Wednesday, January 8, 2014

Early Morning at Warorot Market

One of my favorite things to do when traveling, especially in the developing world, is to walk around markets. Often consisting only of a bunch of tables under a shelter of some sort, they become fascinating hives of activity: a butcher chopping up meat; coconut vendors pressing the bright white flesh of, well, coconuts; fishmongers whacking the heads off of fish; curry paste vendors pounding spices into curry pastes; and so on. They are also great windows into the local food culture. You can see what's in season, what snacks are being sold, to what extent every little bit of animals and plants (banana stem curry, anyone?) are being used, and so much more. I could (and do) walk walk around such markets for hours without getting bored.
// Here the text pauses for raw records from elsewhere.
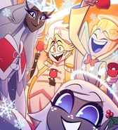 - When talking about the Hellaverse having many sides in an interview on October 17, 2023, Vivziepop explained that the main side deals with Lucifer, and Charlie being the princess of Hell, and Heaven, and kind of big grand themes of redemption, and is much more biblically sourced, whereas Helluva Boss deals with the Deadly Sins and the Hellborn species, and exists separately to the things happening in Hazbin Hotel.[188]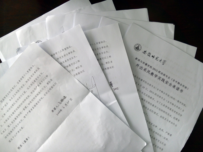最后,大家在孙老师的带领下认真学习了《外出采风教学实践安全承诺书》,每一位同学在承诺书上庄重的签下了自己的名字。据悉,本次采风教学是根据动画专业培养方案作出的统一教学安排, 15级动画专业(含中韩合作班)全体59名员工将于3月23起至4月10号,奔赴皖南地区进行采风写生实践教学活动。(图/文 2015级动画专业)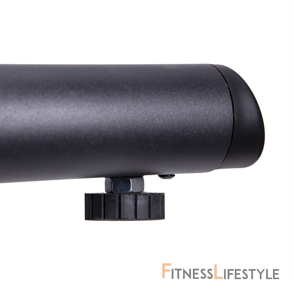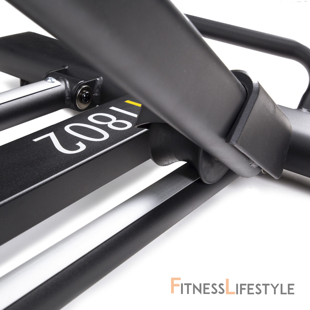 Robustná oceľová konštrukcia garantuje nosnosť až 150 kilogramov, predný stabilizátor je osadený transportnými kolieskami pre ľahké presúvanie trenažéra. Skrutkovacie stopky umožňujú vyrovnanie trenažéra do roviny aj na ľahko nerovnom podklade. H1802 je tiež vybavený systémom na zmenu výšky kroku.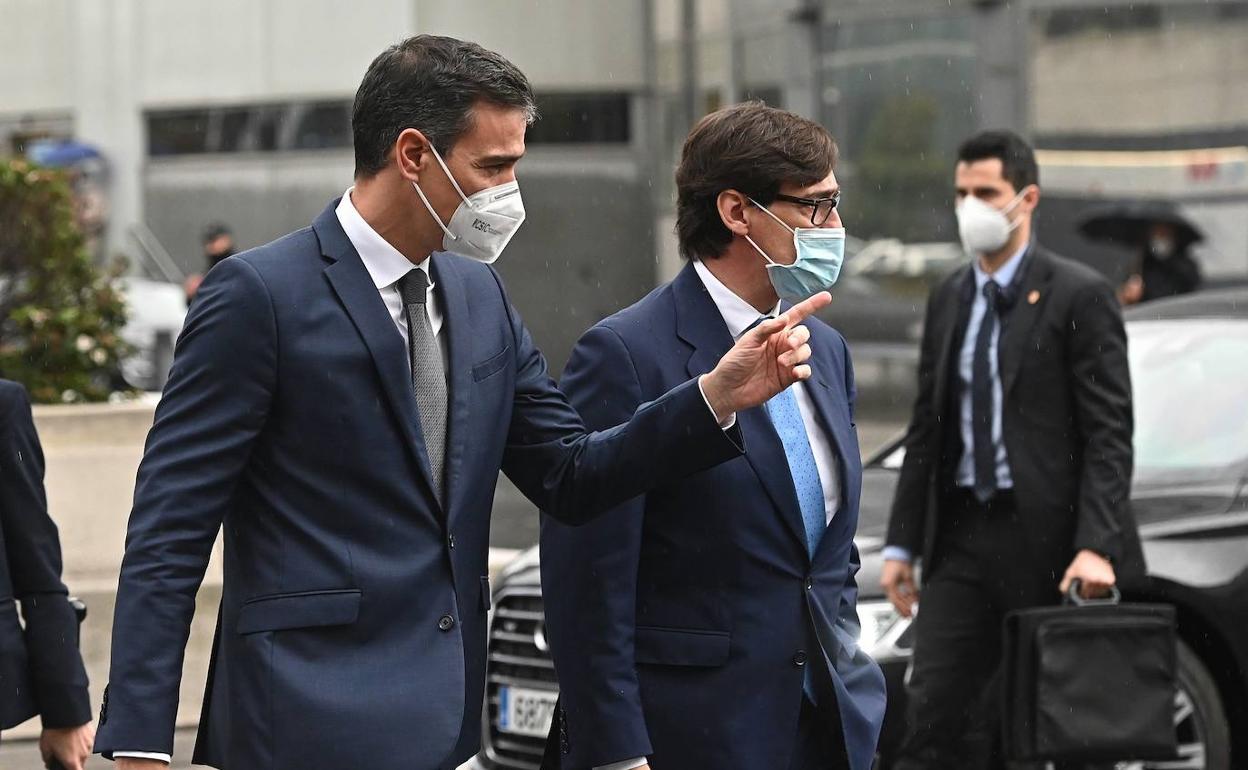 Sánchez, que visitaba el centro junto con los ministros de Ciencia, Pedro Duque, y Sanidad, Salvador Illa, ha llegado al centro hospitalario en su coche oficial acompañado por éste último.

 On my most recent trip to Chiang Mai, Thailand, I spent most of the days cycling with a relatively early-morning start. As the best food markets often happen in the morning, this mostly precluded wandering around food markets (though we did stop at one in a village one day on our bikes). I wanted to spend more time in a market, though, so I made plans to do so on my last day, before my noon flight.

I had been told that the biggest, and best, market in Chiang Mai is the Warorot Market, and that it opens extremely early. Perfect. I arranged for a tuktuk from my hotel at 6 am. While there is an actual building called Warorot Market, it is surrounded by vendors and across from another large market building. The tuktuk dropped me off in the midst of the area, but it was pretty quiet when I arrived before the sun came up. There were some stalls on the street with lights that seemed to have been selling fruits and flowers all night. But most of the indoor stalls were either covered up or sporadically starting to open.
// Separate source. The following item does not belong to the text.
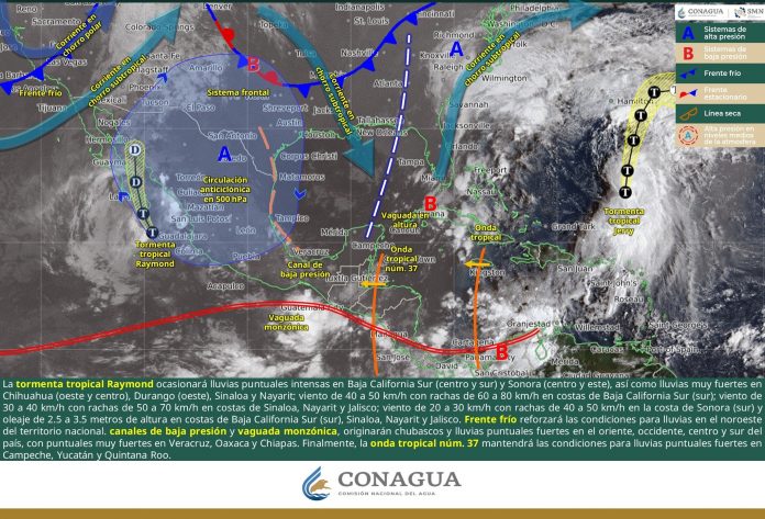 La tormenta tropical Raymond en próximas horas podría tocar tierra, pues se aproxima al sur de Baja California Sur lo que ocasionará lluvias puntuales intensas en dicho estado, así como en Sonora, Chihuahua, Durango, Sinaloa y Nayarit.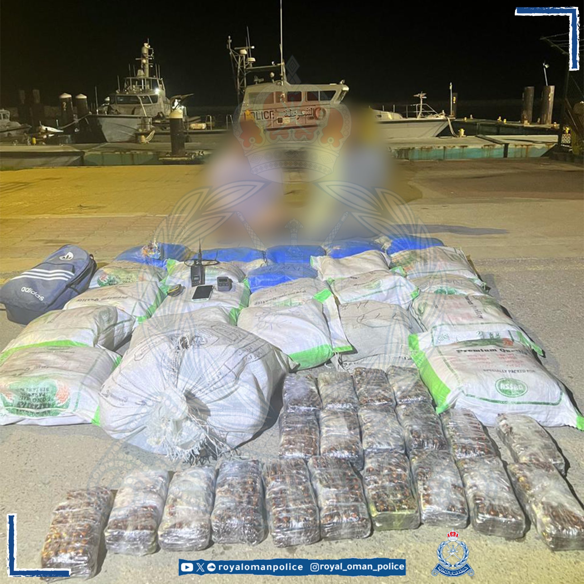 ضبطت شرطة خفر السواحل بمحافظة شمال الباطنة قاربًا على متنه شخصين وبحوزتهما أربعين ألف قرص من المؤثرات العقلية و ٢٣٢ كيلوجرامًا من مخدر الحشيش، وتُستكمل الإجراءات القانونية بحقهما.

Just inside the door of the main market building was a food stall clearly open, though, selling coffee, bao, and fried dough. A friendly woman behind the counter took one look at my tired, lost-looking, clearly foreign self and said "coffee?" I nodded and she poured me a cup, stirred in some sweetened condensed milk (as local coffee there is served), and set it down on her counter in front of a tool. I sat there, next to an older Thai man who was bantering with the woman behind the counter, and pointed to a tray of bao. She picked one for me, said "inside, prawn," I nodded, and she set it on a plate. After drinking the coffee and watching the steady stream of tired-looking customers, I paid the 20 bhat (about 60 cents) she asked for and walked back outside.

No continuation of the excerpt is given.